O que consegui realizar? Há ainda tarefas que eu gostaria de completar, ou há outras para realizar? Como eu lido com minhas limitações? Estou cuidando do corpo, da memória, dos órgãos dos sentidos? Existem relacionamentos que não foram absorvidos, onde tenham ficado questões em aberto? Como está a questão dos meus bens? Como está a questão da aposentadoria? Tenho momentos de graça, sentimentos de gratidão e alegria? Sou capaz de perdoar? (2000, 151).

Não podemos detalhar aqui todo este sistema de desenvolvimento biográfico, que tem várias aplicações práticas e desdobramentos na própria Antroposofia. Para nós, ele é importante como parte de nossa estratégia de construção de parâmetros para elaboração de Mapas Biográficos da Subjetividade, em que se possa visualizar as crises e o desenvolvimento do biografado de 7 em 7 anos.

Então, recapitulemos: para evitar que o estudo (auto) biográfico da subjetividade caia no subjetivismo, prescrevemos inicialmente um mapa do contexto social da biografia, subdividido em cenários (histórico, familiar, geográfico, educacional, etc) com seus fatores condicionantes específicos. Esta primeira proposição corresponde a um enquadramento social objetivo, 1º nível de interpretação hermenêutica. Em seguida, para investigar a dimensão psicológica da subjetividade biografada propomos a adoção dos modelos oriundos das psicologias tipológica e biográfica, principalmente os mapas cronológicos por setênio.
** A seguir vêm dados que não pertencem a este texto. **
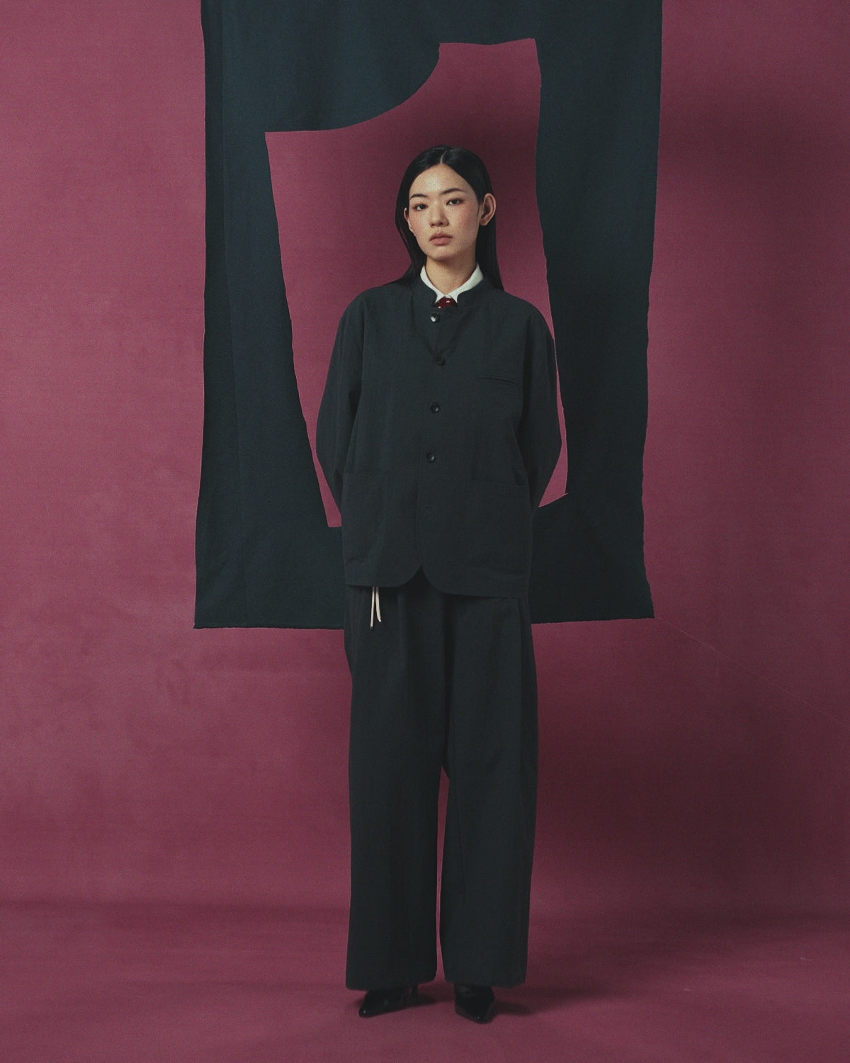 A young person with long dark hair faces forward, wearing Sundae School CHARCOAL PLEATED UNIFORM SLACKS inspired by Korean school uniforms and a dark grey mandarin collar jacket.
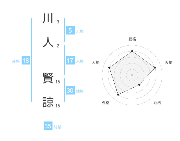 川人 賢諒さんを姓名の画数から五運を鑑定
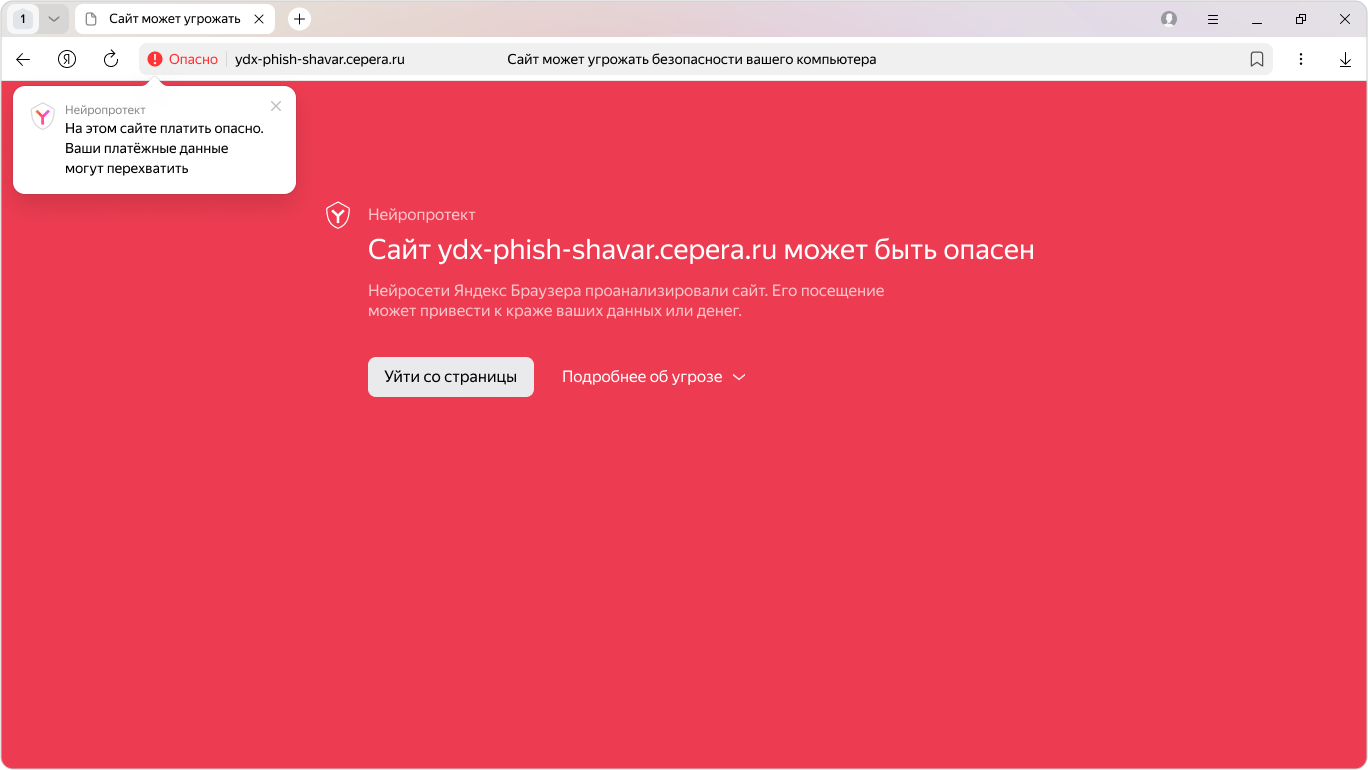 При вводе номера платежной карты Браузер может вывести на экран предупреждение, что присутствует явная угроза кражи данных или проблема с безопасностью. В этом случае в Умной строке появляется значок  и открывается окно с предупреждением.

O objetivo deste procedimento é estabelecer parâmetros biológicos comuns, universais para todas as biografias, deixando assim ressaltadas as diferenças subjetivas no desenvolvimento da personalidade. Este procedimento corresponde ao 2º nível de interpretação hermenêutica, o simbólico.

E para estuda a intersubjetividade, 3º nível de interpretação hermenêutica, adotamos o mapa das relações dialógicas de identidade, e fizemos algumas considerações sobre o papel de interlocutor na organização de biografias. Na verdade invertemos a ordem do 2o e 3o procedimento para facilitar a apresentação das idéias, mas, na hermenêutica, ‘a ordem dos fatores não altera o produto’, uma vez que seus procedimentos servem tanto para compreender como para explicar e podem ser aplicados simultaneamente. E o quarto passo, o arquetípico e hipertextual, a que procedimento corresponde nesta metodologia de estudo da subjetividade biográfica? A Entrevista-performance e seu roteiro organizado a partir dos mapas anteriores.

Para Cremilda Medina (1986) entrevistar é mais arte que técnica. A entrevista seria um texto dialógico, um gênero literário escrito a dois, porque quando entrevistador e entrevistado entram em sinergia criativa, chegam a formulações em que seriam incapazes de elaborar sozinhos. A entrevista jornalística especificamente, ao contrário das entrevistas realizadas por sociólogos e/ou psicólogos, seria um texto escrito por três elementos, incluindo, além do entrevistador e do entrevistado, a categoria de ‘público’, a presença invisível de uma grande audiência anônima, distante e desterritorializada. Este terceiro elemento tem vários desdobramentos: ao contrário do caráter compreensivo da dialógica filosófica de Platão ou da dialógica clínica de Freud, o discurso da entrevista torna-se mais performático e espetacular; o aparecimento do ‘off’ (ou do que é dito sem a presença do público) e até de uma pré-entrevista (briefing) em que se combinam os limites da entrevista.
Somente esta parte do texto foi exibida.